The first observation is that developments following the introduction of the euro do not imply that the euro area is set to become a financial fortress whose financial markets and institutions would be cut off from the rest of the world. In fact, market participants residing outside the euro area seem to be taking a keen interest in the financial markets of the euro area. "Core Europe", so to speak, has become more interesting to outsiders as the breadth and liquidity of its financial markets has increased.

The second observation is that the euro can be expected to have a significant influence on the structure of the financial system by bringing about more securitisation. A traditional feature of the financial system of continental Europe has been a marked dependency on the funds intermediated by banks. This feature contrasts with the financial system of the United States which is much more securitised. For instance, corporate bonds have not been very widely issued in the euro area, and stock market capitalisation - relative to the size of the economy - is much lower in the euro area than in the United States. There are good reasons to believe that a process of securitisation will gather pace in the euro area now that the single currency is in use. This view seems to be shared by many observers and I shall, in the course of my remarks, provide some arguments in its favour.

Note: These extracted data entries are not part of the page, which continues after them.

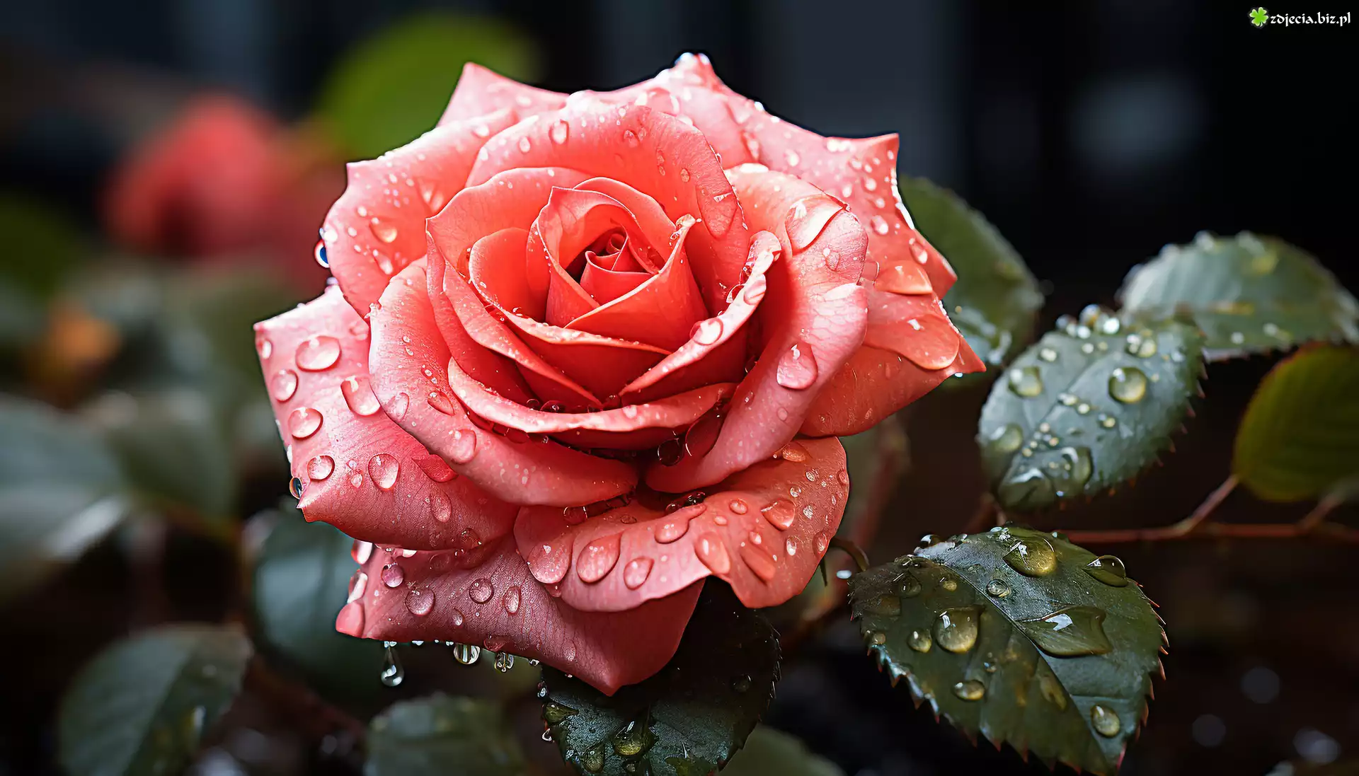Zdjęcie Kwiat, Róża, Różowa, Liście, Krople
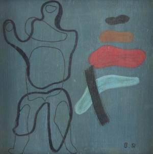 Composition abstraite, huile sur carton, monogrammée B et datée...
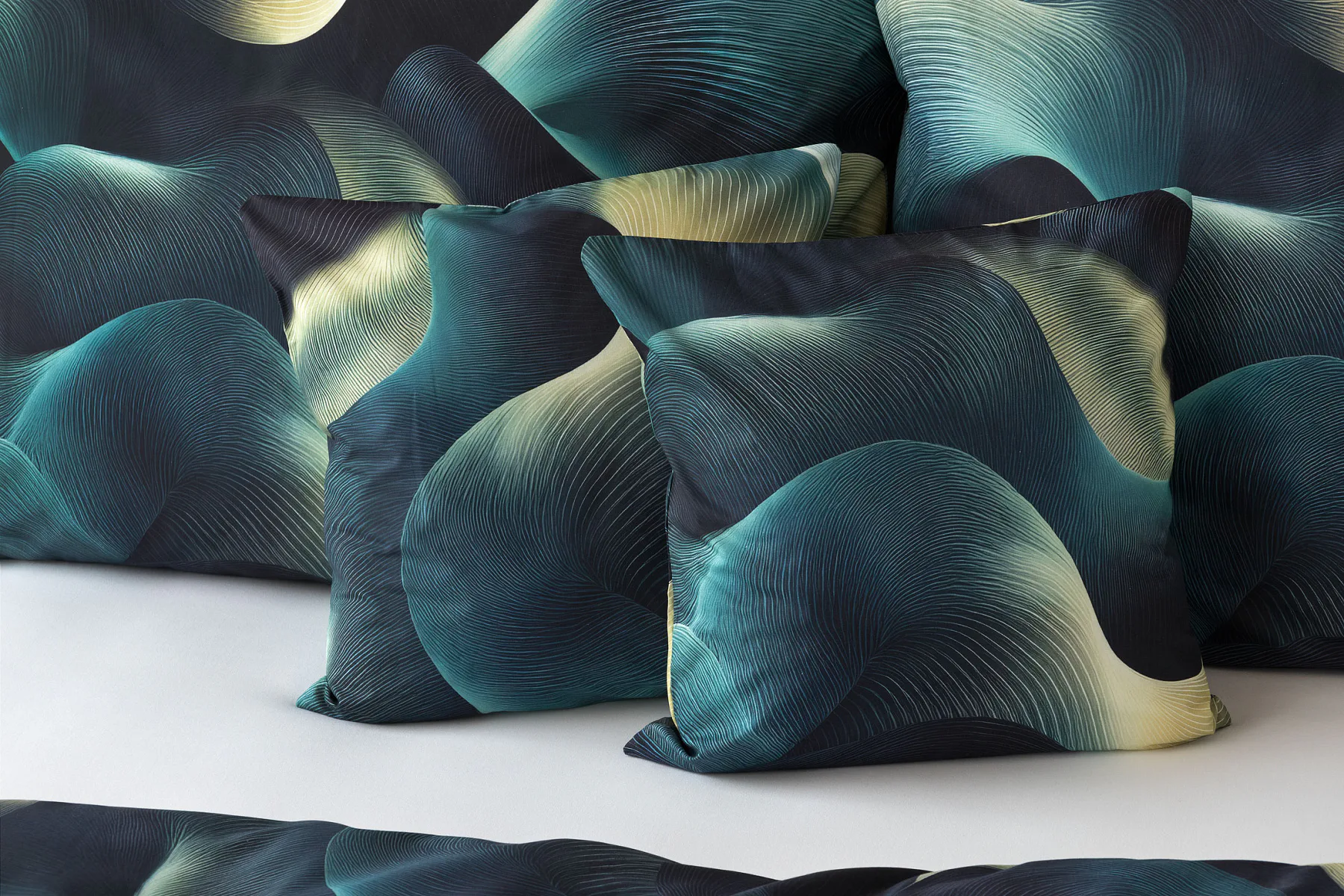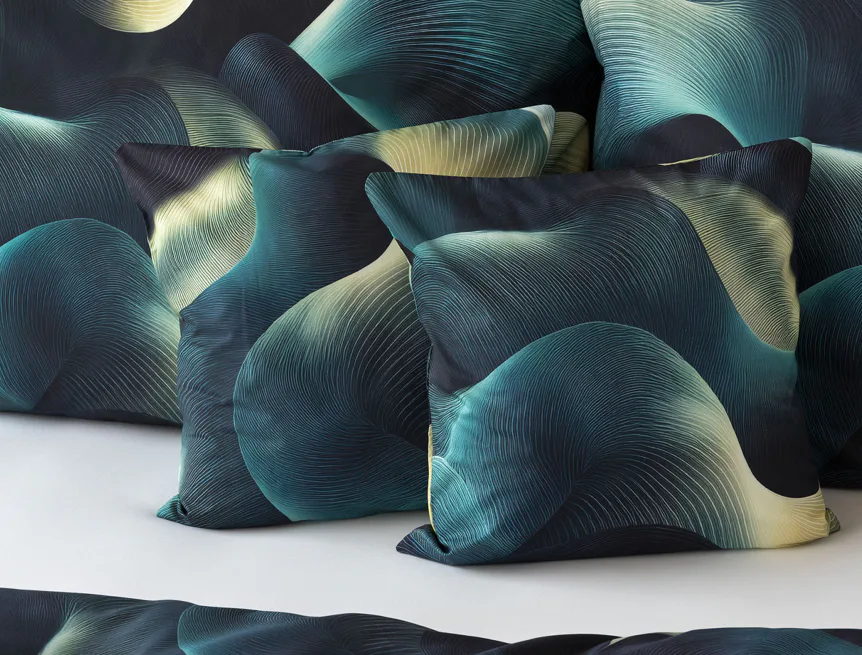 Povlaky jsou šité z metráže, každý kus je proto jiný, resp. zachycuje jinou část vzoru. Přední a zadní strana jednotlivých kusů se rovněž liší s ohledem na zachycenou část vzoru.

In my remarks today, I should like to discuss the structural changes in the financial sector, in particular those that have occurred as a result of the launch of new product types and the changing nature of public and private institutions. I shall address developments in the money markets, the bond markets and the equity markets as well as the process of adaptation of banking institutions to their new environment.

2. Money markets

The money markets of the euro area became rapidly integrated after the introduction of the euro despite the fact that their structures had previously been quite different at the national level. Transaction volumes and measures of bid-ask spreads on the various money market instruments both indicate that the markets reached a very high level of liquidity very rapidly in the course of January 1999 and have subsequently retained it.

The high degree of integration of the euro area money markets is, first of all, a result of the single monetary policy, which is conducted through the harmonised operational framework of the Eurosystem. This integration has also been made possible by the significant and increasing integration of payment systems. Cross-border payments processed by TARGET accounted for more than 37% of the value of all real-time payments (domestic and cross-border) effected by credit institutions in March and April 1999. Moreover, the continuously high use which our counterparties make of the correspondent central banking model (or CCBM) for the cross-border transfer of collateral in monetary policy operations is an important indication of area-wide integration. This is evidenced by the fact that cross-border collateral currently represents around 25% of the total amount of collateral in custody in the context of the Eurosystem's monetary policy operations.

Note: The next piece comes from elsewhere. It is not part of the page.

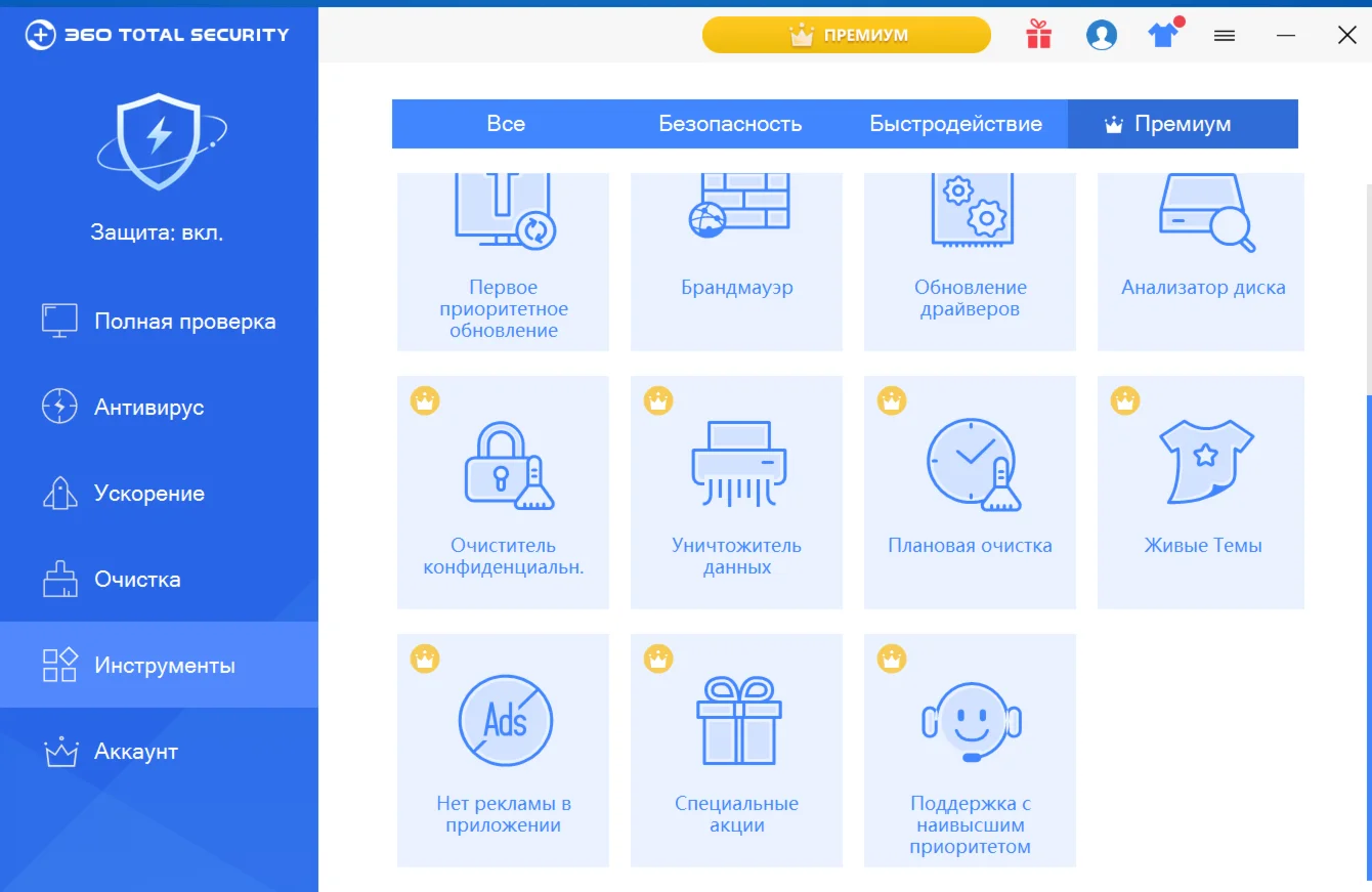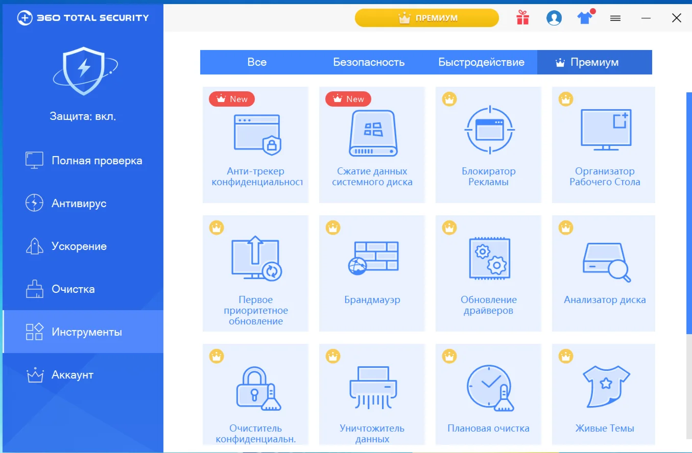 360 Total Security Premium — зарекомендовал себя, как мощный защитник информации и железа миллионов пользователей по всему миру. Дружелюбный интерфейс — даже школьник легко может разобраться в настройках и управлении. Многозадачный — выполняет сразу три функции: работаем как антивирус в штатном режиме, ускоряет и оптимизирует работу PC, удаляет мусор и чистит реестр. При столь обширном функционале практически не загружает оперативную память и процессор, работая себе спокойно в фоновом режиме. Уникальный инструмент — песочница. В нем вы можете смело открывать и запускать любые программы, которые не могут навредить вашей системе, пока находятся в SandBox.

Taking a closer look at the various instruments traded in the money markets, a feature that is worthy of note is that market participants in the 11 countries of the euro area have shown an increasing tendency to demonstrate a similar reliance on each instrument type. For example, what we call "overnight indexed swaps", which are swaps indexed on the overnight reference interest rate EONIA, have become an important derivative instrument in the money markets of the euro area. This can be seen from the low level of quoted bid-ask spreads and the high turnover relative to other major international markets. Both indicators show a high level of liquidity in this instrument. Another type of instrument of interest in the money market (but also at the fringe of the bond market) is that of the repurchase agreement. The development of more integrated repo markets in the euro area will obviously accompany the development of area-wide securities trading, settlement and custody systems. This will reduce transaction costs and improve efficiency for the cross-border transfer of securities through repurchase operations.